Domestic employment falls into tremendous gray areas when it comes to the employee's rights under law. Only a handful of states require that Workman's Compensation be paid to household employees and fewer state labor boards will even address your work grievances. This is truly AT WILL employment. You can be let go at any moment, the housing immediately removed and you are down the road. Frankly, as an agency owner, I support an employer's right to immediately let someone go if his or her comfort level is gone. After all, you have full access to their house and grounds--their sanctuary--and if they have any doubt at all as to your trustworthiness, then they should be able to request termination with no complications from government. Having said that, I also completely support your right to severance and relocation pay if the chemistry is not right. If you are caught stealing or impaired on the job then I have no sympathy for your post-employment needs or the suddenness of your termination.
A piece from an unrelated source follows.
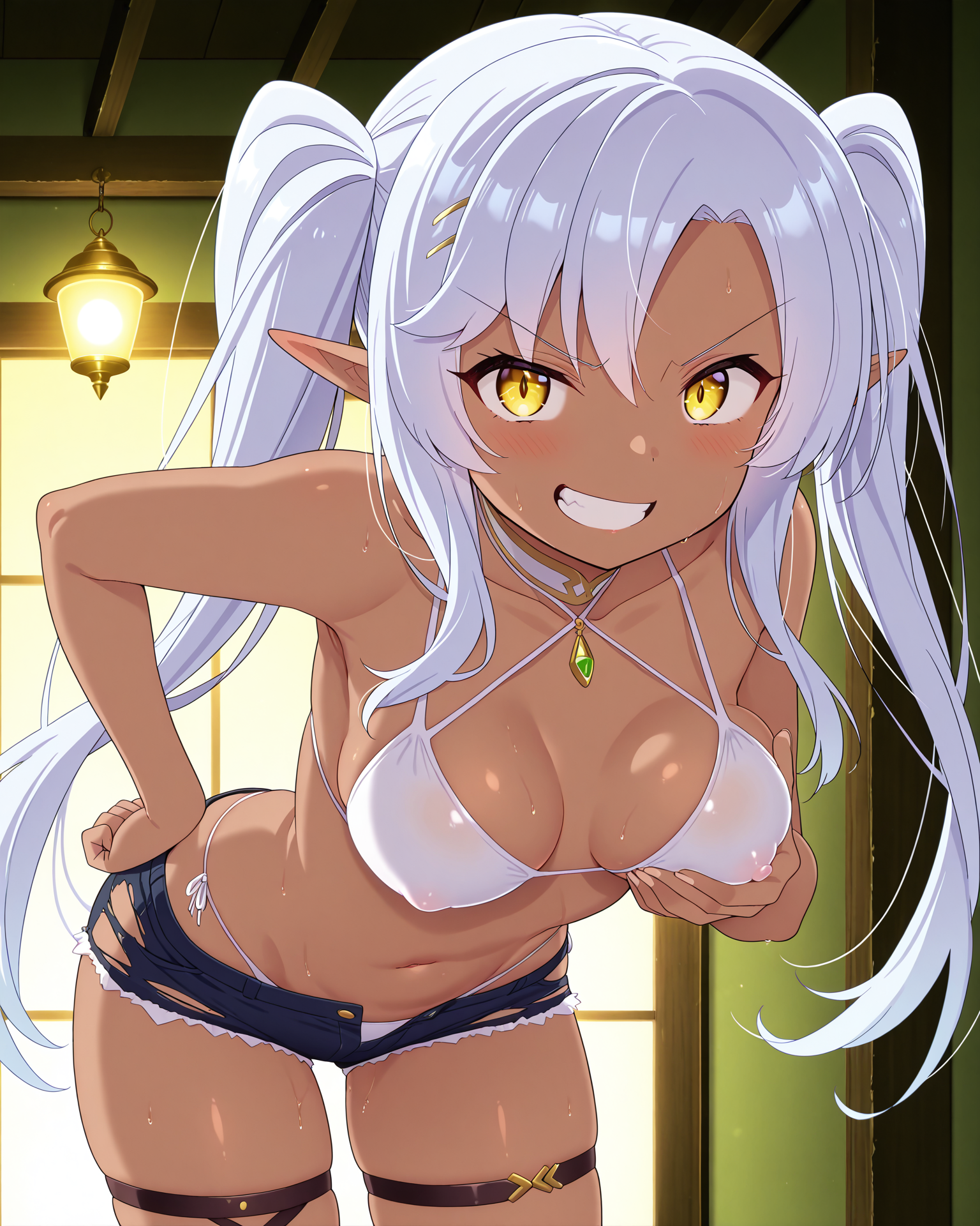 —— 她喧闹、骄傲,穿着比基尼仿佛那玩意儿欠她钱——来认识这位热爱战斗的海滩精灵,她的拳击力度比你的显卡降频还猛。无论她咧嘴露出尖利的獠牙,还是在挑衅时炫耀腹肌,她都散发着阳光晒透的肌肤与细绳泳装包裹下的纯粹混沌能量。这个 LoRA 专为极致肌肉、恶作剧与动感而打造——调高滑块,让这位粉丝服务的狂野女王如无规则的海滩派对般冲击你的渲染画面。

Fortunately, I have rarely placed someone who turned out to be not who they said they were: sober, honest, hardworking. "Service heart" is how Mary Starkey of Starkey International describes the number one attribute needed to do in-home work. It is what we screen for and what your former employers tell us you have. You are in this work because you love to be of service. If you are entry level--have not been paid to work in a private home before, it is what your former corporate employers and even those who have observed you in your own home tell us about you that encourages us to present you to our clients. In other words, no one is presented by an agency who comes trailing bad references. We are not social workers. It is not our job to help you finally turn the tide on a lifetime of doing poorly.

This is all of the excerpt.